Certain members of the traditional publishing crowd argue that lower prices are unsustainable given built-in costs and that pursuing these price points will somehow "devalue" the written word. First of all, selling your product for more than the public is willing to pay is what's actually "unsustainable." And any explanations involving fixed costs will fall on deaf ears because consumers don't make purchases based on what they think the product is worth to the company selling it. They purchase based on what they feel the product is worth to them.
Secondly, if people aren't buying at $9.99 but they are at $2.99, then the product isn't "devalued." If you're selling many more units at a lower price, then your price point is closer to "dead on" than "undervalued."

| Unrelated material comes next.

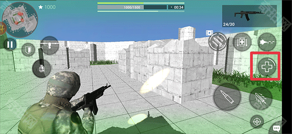 3、在游戏屏幕的右边是不断的射击键位还有趴下跳跃键位,非常方便。

The picture painted augurs well for indie ebook authors, but indicates that authors who continue to publish with traditional publishers might actually be damaging their careers. Look no further than the bestseller lists at Apple, Amazon or Barnes & Noble to see that indie ebook authors are taking eyeballs from the authors of NY publishers. As I write this, seven of the top 30 bestsellers in the Apple iBookstore are distributed there by Smashwords.In the short term, existing publishers would do well to follow Coker's advice and start maximizing sales by lowering prices. Most publishing houses have already had the term "price fixing" pointed at them, and thinking that you can somehow outlast the consumers in a price war is just going to shove you to non-existence that much faster. Exclusive deals with authors won't mean much when no one's buying, and those authors are going to swiftly tire of minimal sales and miniscule royalties, especially when they can plainly see better opportunities outside the gates.